Virulence vs Pathogenicity
Pathogenicity and virulence are linked in the sense that their meaning is linked to the appearance of a disease. Pathogenicity, on the other hand, is defined as a pathogen’s capacity to produce disease. A pathogen is an organism that produces illness by causing harm to its host.
The capacity to cause disease is linked to the organism’s intrinsic qualities in order to live inside the host. Virulence, on the other hand, refers to an organism’s level of pathogenicity. A virulent pathogen is one that causes substantially more damage to its host than a non-pathogenic organism.
What is Virulence Factor?
The pathogenicity of pathogenic organisms varies greatly. A strain of bacteria, for example, may be more virulent than other strains of the same species. The so-called virulence factors are frequently linked to a pathogen’s pathogenicity. A virulence factor is a protein that allows an organism to infiltrate and cause illness in its host. It also assesses how much harm has been done to the host. These substances might be secretory, membrane-associated, or cytosolic.
The capacity of microorganisms to grow within their host cells is an example of a virulence factor. These variables are critical to epidemiology in microbiology, especially when following a new pathogenic strain. This is because the strain is frequently extremely virulent, making it more harmful, if not deadly, to its host. The method of entrance into the host, the pathobiological machinery used, and the impact on the host’s immune response are some of the virulence factors studied by researchers.
For example, viral virulence factors are proteins that the infective virus induces to be generated by the host’s own protein machinery. Bacterial virulence factors are proteins that are encoded by their own genes or plasmids acquired by horizontal gene transfer.
The damage may be exacerbated by the host’s overly aggressive immune response, which is activated by the presence of these virulence factors and causes immune cells to harm host cells in an attempt to combat the infection. As a result, these virulence factors are one of the primary targets in medical research aimed at developing novel therapies and vaccines.
A virulent virus is the human immunodeficiency virus, or HIV. It is the virus that causes AIDS. It is virulent because it uses methods to avoid being detected by the host’s immune cells. It infects immunological cells such as T-helper cells, for example. As a result, the host’s immunological response has already been weakened and impaired.

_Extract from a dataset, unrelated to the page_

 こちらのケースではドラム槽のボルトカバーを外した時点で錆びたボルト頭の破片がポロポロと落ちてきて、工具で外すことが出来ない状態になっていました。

The lyssavirus, which causes rabies, is another example. It penetrates muscle cells and hijacks them, then goes to the nervous system via neuromuscular junctions. As a result, it is classified as neurovirulent, or capable of causing illness in the neurological system.
Two human pathogens, Mycobacterium tuberculosis (cause of TB) and Bacillus anthracis, are examples of bacteria (causative agent of anthrax).